Raw data START

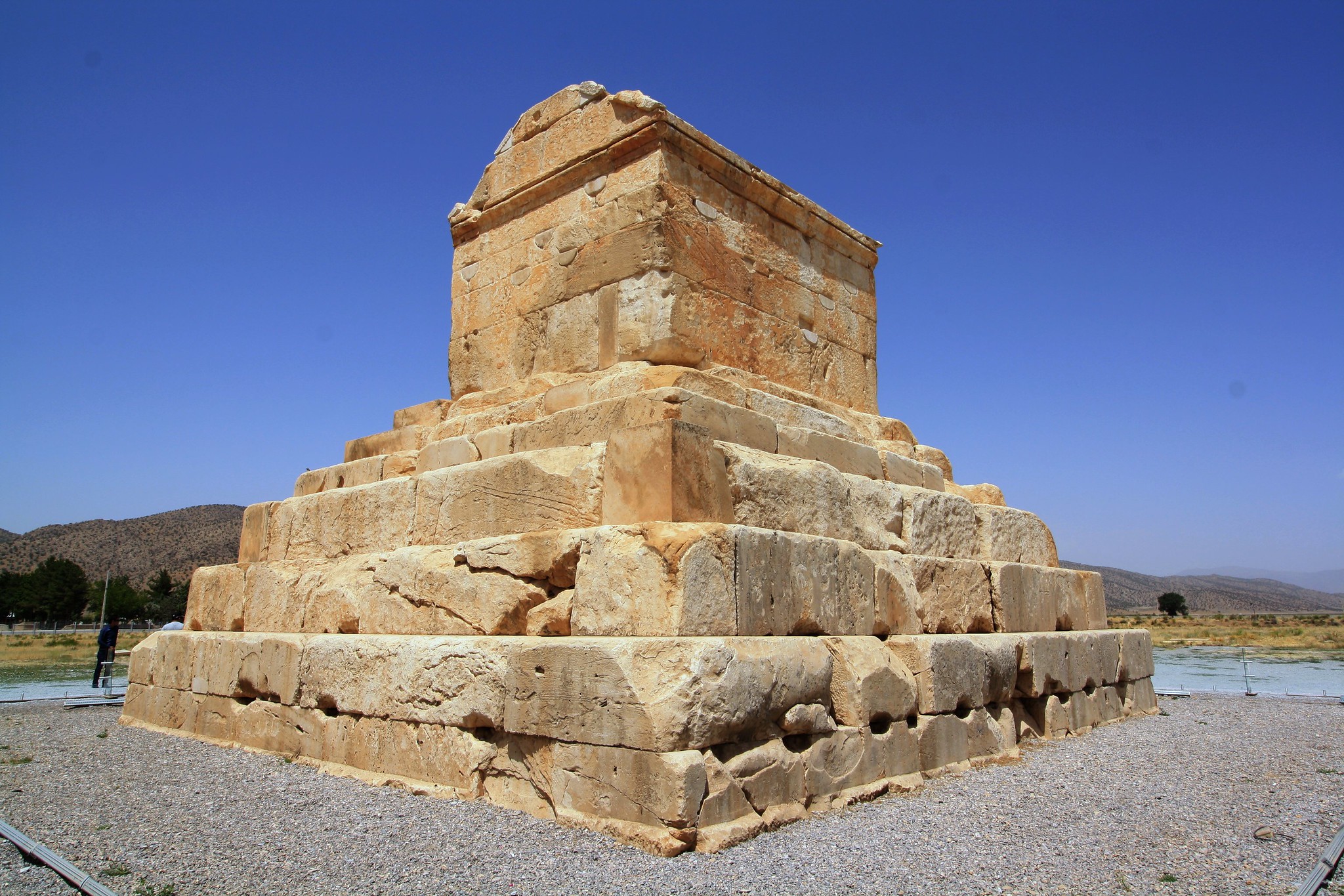 Гробница расположена в Пасаргады — бывшей столице империи Ахеменидов, основанной самим Киром II. Внешне сооружение кажется достаточно скромным для усыпальницы великого правителя, чья империя простиралась от берегов Средиземного моря до реки Инд. Конструкция представляет собой шестиступенчатую пирамиду высотой 11.1 метров, на вершине которой установлена погребальная камера размером 3.16 на 2.18 метра с двускатной крышей.
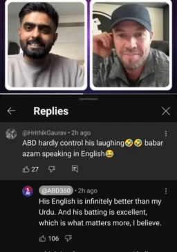 During the interview, a fan attempted to mock Babar’s English, writing in the YouTube comments section, “ABD hardly control his laughing. Babar Azam speaking in English,” accompanied by tears of joy emojis. De Villiers, known for his sportsmanship, responded sharply to the troll. De Villiers wrote, “His English is infinitely better than my Urdu. And his batting is excellent, which is what matters more, I believe.” This response from the Proteas legend highlighted the importance of respecting players for their skills and contributions to the game, rather than their language abilities.
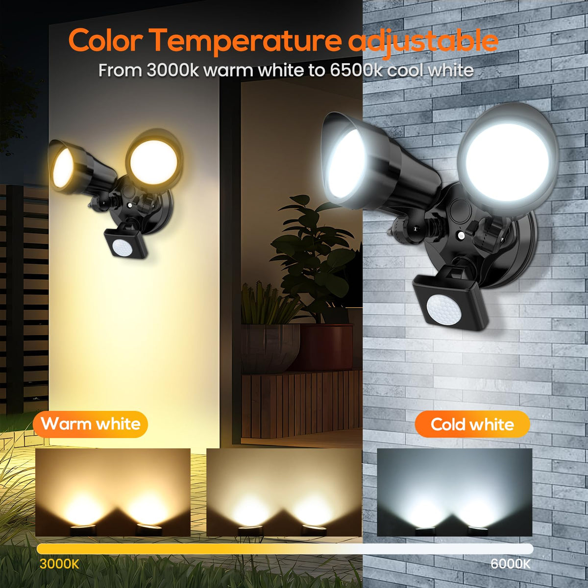 Q: What is the brightness and color temperature range of the LED Security Lights?A: The LED Security Lights provide a brightness of 2000 lumens and feature an adjustable color temperature range from 3000K (warm white) to 6500K (daylight), allowing you to customize the lighting to your preference.

Raw data END

▸ What you have to do
Your task is an exact transcription of all the data, minus the pictures.

▸ Exercise solution
 Гробница расположена в Пасаргады — бывшей столице империи Ахеменидов, основанной самим Киром II. Внешне сооружение кажется достаточно скромным для усыпальницы великого правителя, чья империя простиралась от берегов Средиземного моря до реки Инд. Конструкция представляет собой шестиступенчатую пирамиду высотой 11.1 метров, на вершине которой установлена погребальная камера размером 3.16 на 2.18 метра с двускатной крышей.
 During the interview, a fan attempted to mock Babar’s English, writing in the YouTube comments section, “ABD hardly control his laughing. Babar Azam speaking in English,” accompanied by tears of joy emojis. De Villiers, known for his sportsmanship, responded sharply to the troll. De Villiers wrote, “His English is infinitely better than my Urdu. And his batting is excellent, which is what matters more, I believe.” This response from the Proteas legend highlighted the importance of respecting players for their skills and contributions to the game, rather than their language abilities.
 Q: What is the brightness and color temperature range of the LED Security Lights?A: The LED Security Lights provide a brightness of 2000 lumens and feature an adjustable color temperature range from 3000K (warm white) to 6500K (daylight), allowing you to customize the lighting to your preference.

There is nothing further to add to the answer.